» Problem
In the entries below, repeat only the lines between those holding "General Electric TEB132090WL" and "A shirtless man", inclusive. Leave pictures out.

» Records for this exercise
* * *

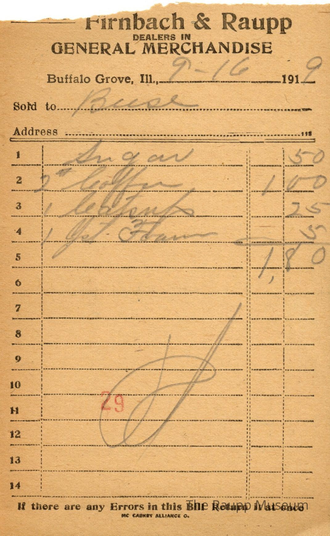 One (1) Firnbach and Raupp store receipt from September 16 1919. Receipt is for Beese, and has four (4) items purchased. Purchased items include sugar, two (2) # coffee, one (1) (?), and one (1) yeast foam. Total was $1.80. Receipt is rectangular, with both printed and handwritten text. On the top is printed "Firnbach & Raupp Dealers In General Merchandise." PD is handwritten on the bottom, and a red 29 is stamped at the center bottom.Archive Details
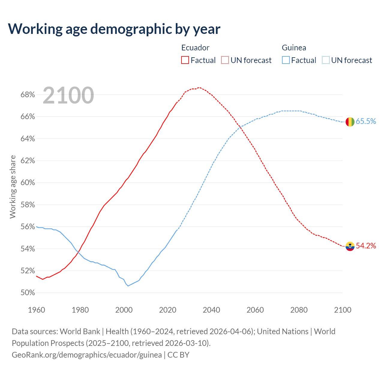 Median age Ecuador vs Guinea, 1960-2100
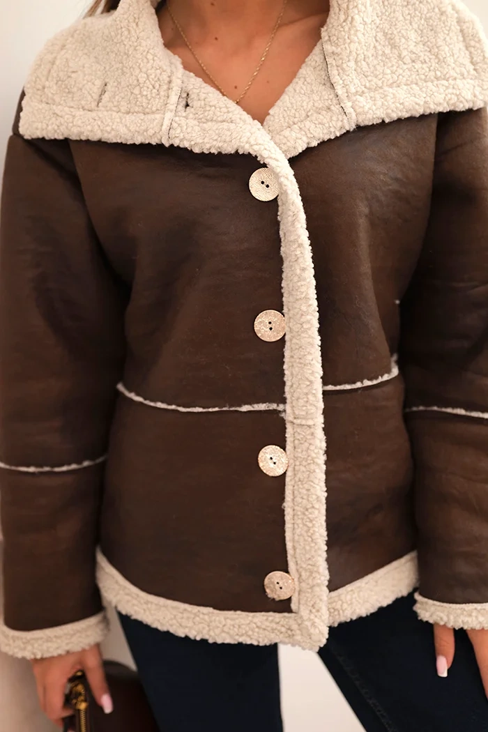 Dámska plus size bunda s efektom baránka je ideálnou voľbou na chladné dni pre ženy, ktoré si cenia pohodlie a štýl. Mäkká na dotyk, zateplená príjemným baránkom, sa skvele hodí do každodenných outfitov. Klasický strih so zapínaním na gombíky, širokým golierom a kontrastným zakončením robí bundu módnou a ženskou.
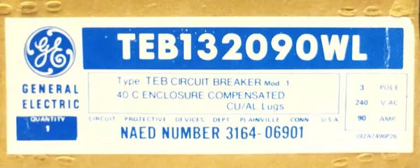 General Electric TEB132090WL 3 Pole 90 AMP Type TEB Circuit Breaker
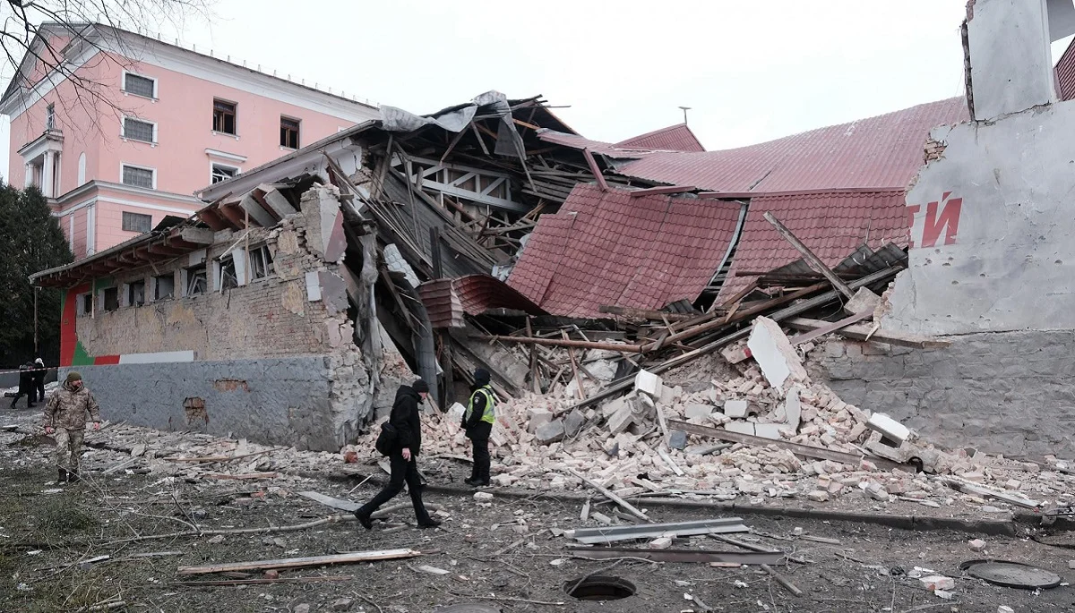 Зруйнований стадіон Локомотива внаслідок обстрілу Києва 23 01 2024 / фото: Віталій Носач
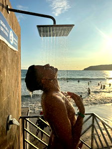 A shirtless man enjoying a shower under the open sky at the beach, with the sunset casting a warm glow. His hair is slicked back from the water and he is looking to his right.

* * *

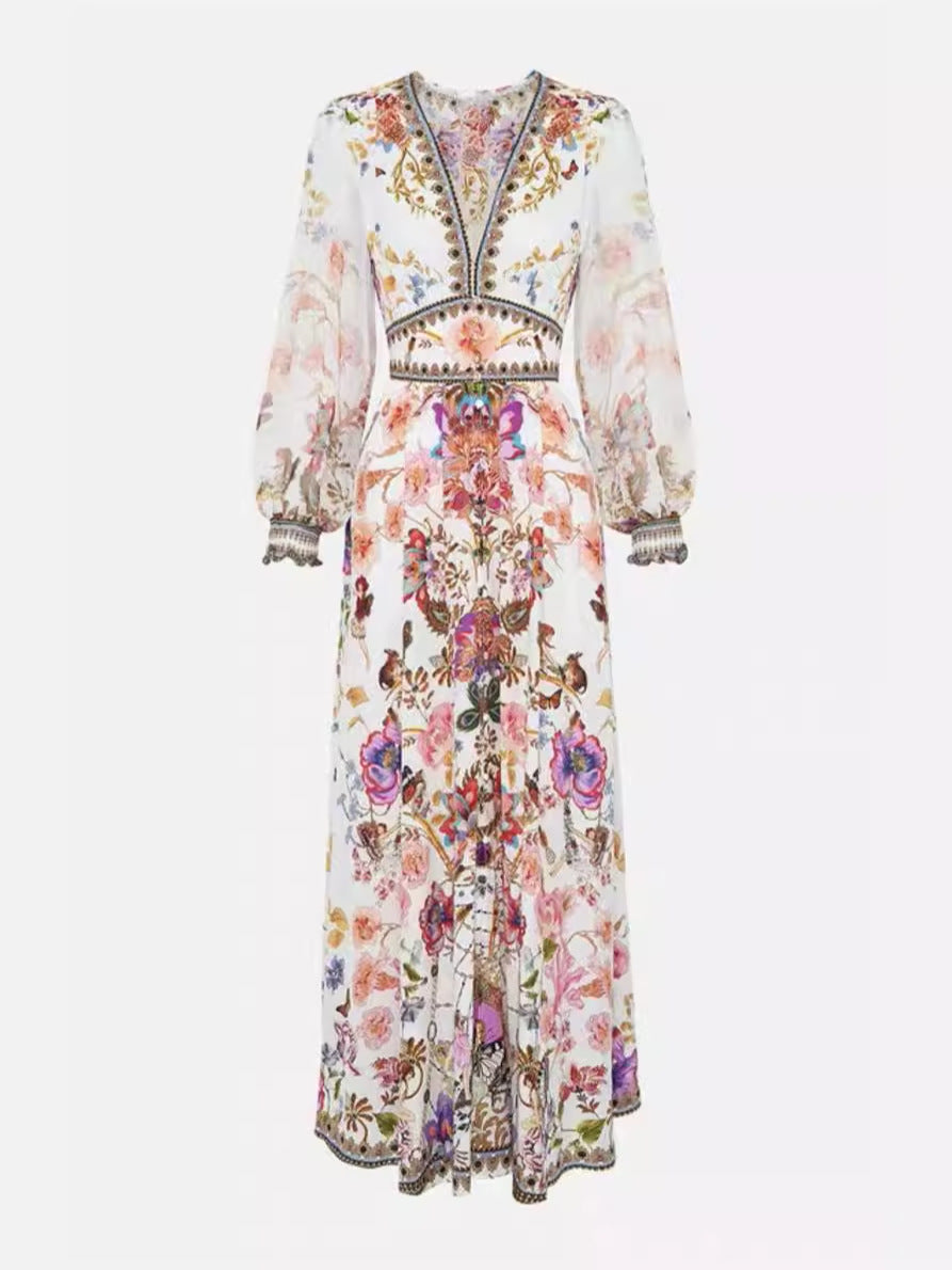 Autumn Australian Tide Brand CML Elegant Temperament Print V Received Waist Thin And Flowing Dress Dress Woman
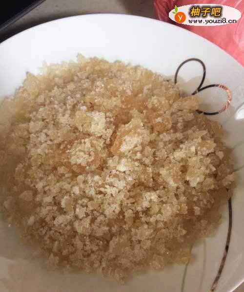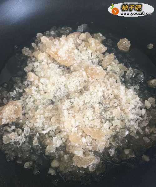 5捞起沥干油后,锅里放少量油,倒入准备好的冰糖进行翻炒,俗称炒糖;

* * *

» Answer to the problem
 General Electric TEB132090WL 3 Pole 90 AMP Type TEB Circuit Breaker
 Зруйнований стадіон Локомотива внаслідок обстрілу Києва 23 01 2024 / фото: Віталій Носач
 A shirtless man enjoying a shower under the open sky at the beach, with the sunset casting a warm glow. His hair is slicked back from the water and he is looking to his right.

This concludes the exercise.